Gary C. Wendt (’65 BS EGR) has made a gift that will allow a three-fold increase in student enrollment in two popular general business courses beginning in the fall of 2011. The focus of both courses is to prepare non-business majors to better understand business fundamentals and make smart choices after graduation.

“Our country is presently going through a difficult transition from easily leading the world’s economic and social advancement to weighing what our society can afford and deciding how and who will pay for it,” Wendt said. “This creates a dilemma which can only be analyzed with some understanding of the economic inputs and outcomes. I want to give as many students as possible a broader understanding of the economic issues which are affecting their lives today and will continue to affect them in the future.”

University of Wisconsin-Madison Vice Provost for Teaching and Learning, Professor Aaron M. Brower agrees students need exposure to diverse course offerings. “The University of Wisconsin-Madison strives to educate students who will become thoughtful citizens engaged with solving the important problems in the world,” Brower said. “We build our educational experience around critical thinking and analysis, knowing things about oneself and the world, and the value of lifelong learning. Just as business majors benefit from disciplined observation and analysis of the non-business world, so too, do non-business majors benefit from understanding foundational business concepts.”

In addition to Wendt’s bachelor’s degree in civil and environmental engineering from UW-Madison, he earned an MBA from Harvard and recently retired as chairman of Conseco.
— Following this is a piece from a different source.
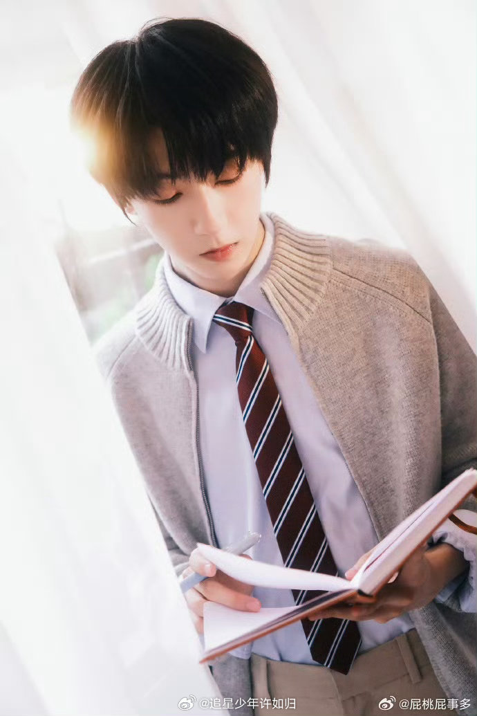杨博文少年感溢出屏幕了 杨博文这次确实把少年感拉满了,毛衣领带卡其裤,干净清爽又带着点书卷气。确实是篮球学长本人,剧赶紧播吧。

Prior to Conseco Inc., Wendt worked for General Electric for 24 years, where he built GE’s financial services activities from 6 percent to 45 percent of total company income. In 1990, he received the College of Engineering’s Distinguished Service Award. Wendt’s gift will allow General Business 310 and General Business 311 to increase enrollment from 150 to 500 students.
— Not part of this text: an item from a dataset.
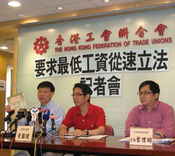 工資保障運(yùn)動(dòng)推行超過年半以來成效不彰,立法規(guī)管最低工資似乎勢(shì)在必行。工聯(lián)會(huì)理事長(zhǎng)黃國(guó)健、立法會(huì)議員王國(guó)興和權(quán)益委員會(huì)主任葉偉明9日一同召開記者會(huì),公布該會(huì)研究部就立法規(guī)管最低工資的研究結(jié)果。
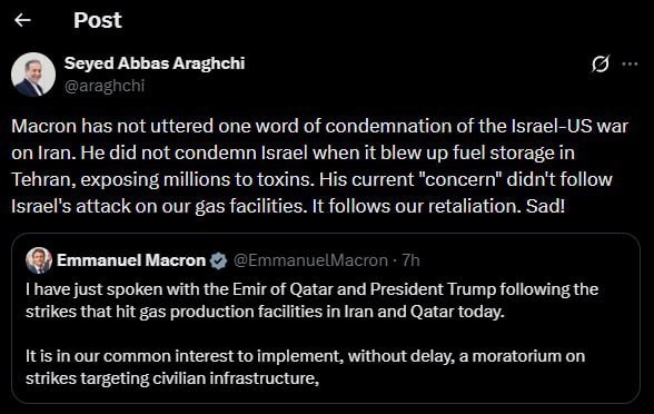 "Макрон не произнес и слова в осуждение войны США и Израиля против Ирана. Он не осудил Израиль, когда тот подорвал топливные хранилища, подвергнув миллионы людей воздействию токсинов. Его нынешняя "обеспокоенность" не последовала за атакой Израиля на наши газовые объекты. Она последовала после наших ответных действий. Печально!", - написал Аббас Аракчи в соцсети X. Ранее французский президент созвонился с эмиром Катара, заявив о необходимости ввести мораторий на удары по гражданской инфраструктуре. 🔴 Читайте Sputnik Беларусь в MAX

Zach Swetz is a political science major who took Economics 101 in the fall of his junior year and decided to follow it up with General Business 311 during the spring. “I really enjoyed economics, and I thought it gave me a new view of the world that I found very interesting,” said Swetz. “General Business 311 is a great overview class, touching on several important aspects of business, namely management and marketing. I have been able to put that learning to immediate use as I begin starting a business of my own through the UW Entrepreneurship Clinic.” Zach is planning to complete the requirements for a certificate in entrepreneurship to complement the bachelor’s degree he will receive in 2012 from the College of Letters & Science.

For more information

General Business 310 is part of a two course sequence introducing non-business students to basic concepts, practices and analytical methods that are part of the market enterprise system. This course is a basic overview on: accounting, finance and business law.

General Business 311 introduces non-business students to basic concepts and practices in business. This course is a basic overview of: management, marketing, entrepreneurship, globalization, ethics and supply chain.